These are all representations of the same underlying data but they are not equally easy to work with. The tidy dataset is much easier to work with inside the tidyverse.

There are three inter-correlated rules which make a dataset tidy:

  1. Each variable must have its own column.
  2. Each observation must have its own row.
  3. Each value must have its own cell.

For the example tables above, only the first table is tidy.

There are some very real reasons why you would encounter untidy data:

  1. Most people aren’t familiar with the principles of tidy data, and it’s hard to derive them yourself unless you spend a lot of time working with data.

  2. Data is often organised to facilitate some use other than analysis. For example, data is often organised to make entry as easy as possible.

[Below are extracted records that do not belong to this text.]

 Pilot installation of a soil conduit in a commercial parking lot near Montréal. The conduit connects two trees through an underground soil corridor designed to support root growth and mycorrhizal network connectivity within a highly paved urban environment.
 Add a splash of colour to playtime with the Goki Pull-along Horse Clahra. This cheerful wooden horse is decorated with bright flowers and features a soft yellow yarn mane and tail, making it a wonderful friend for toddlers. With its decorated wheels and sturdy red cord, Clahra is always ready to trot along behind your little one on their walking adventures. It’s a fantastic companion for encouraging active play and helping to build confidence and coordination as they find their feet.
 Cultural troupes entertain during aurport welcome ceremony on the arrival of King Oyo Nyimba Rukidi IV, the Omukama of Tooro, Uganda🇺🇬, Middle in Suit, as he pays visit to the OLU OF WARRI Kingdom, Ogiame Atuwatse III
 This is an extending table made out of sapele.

This means for most real analyses, you’ll need to do some tidying. The first step is always to figure out what the variables and observations are. The second step is to resolve one of two common problems:

  1. One variable might be spread across multiple columns.

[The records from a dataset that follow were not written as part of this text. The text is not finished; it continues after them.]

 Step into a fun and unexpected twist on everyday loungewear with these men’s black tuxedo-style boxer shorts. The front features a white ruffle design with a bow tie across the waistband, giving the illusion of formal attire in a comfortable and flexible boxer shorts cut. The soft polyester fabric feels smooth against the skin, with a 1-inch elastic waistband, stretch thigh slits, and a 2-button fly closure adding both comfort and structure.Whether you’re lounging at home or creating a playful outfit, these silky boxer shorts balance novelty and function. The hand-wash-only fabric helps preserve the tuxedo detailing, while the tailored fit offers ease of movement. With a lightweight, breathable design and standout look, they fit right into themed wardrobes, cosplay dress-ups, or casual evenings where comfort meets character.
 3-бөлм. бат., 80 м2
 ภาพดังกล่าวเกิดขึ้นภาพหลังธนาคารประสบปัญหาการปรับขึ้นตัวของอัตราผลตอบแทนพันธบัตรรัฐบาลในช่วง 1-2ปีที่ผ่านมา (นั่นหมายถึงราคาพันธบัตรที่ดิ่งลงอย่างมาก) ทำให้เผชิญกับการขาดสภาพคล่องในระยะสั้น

  2. One observation might be scattered across multiple rows.

To fix these problems, you’ll need the two most important functions in tidyr: gather() and spread().

Side note: Recent versions of tidyr have the pivot_longer() and pivot_wider() functions that accomplish similar tasks. Some may find these functions more intuitive, but I present the former here for legacy purposes.

Gathering

A common problem is a dataset where some of the column names are not names of variables, but values of a variable. Take table4a: the column names 1999 and 2000 represent values of the year variable, and each row represents two observations, not one.

table4a
## # A tibble: 3 x 3
##   country     `1999` `2000`
## * <chr>        <int>  <int>
## 1 Afghanistan    745   2666
## 2 Brazil       37737  80488
## 3 China       212258 213766

To tidy a dataset like this, we need to gather those columns into a new pair of variables. To describe that operation we need three parameters:

  • The set of columns that represent values, not variables. In this example, those are the columns 1999 and 2000.

  • The name of the variable whose values form the column names. I call that the key, and here it is year.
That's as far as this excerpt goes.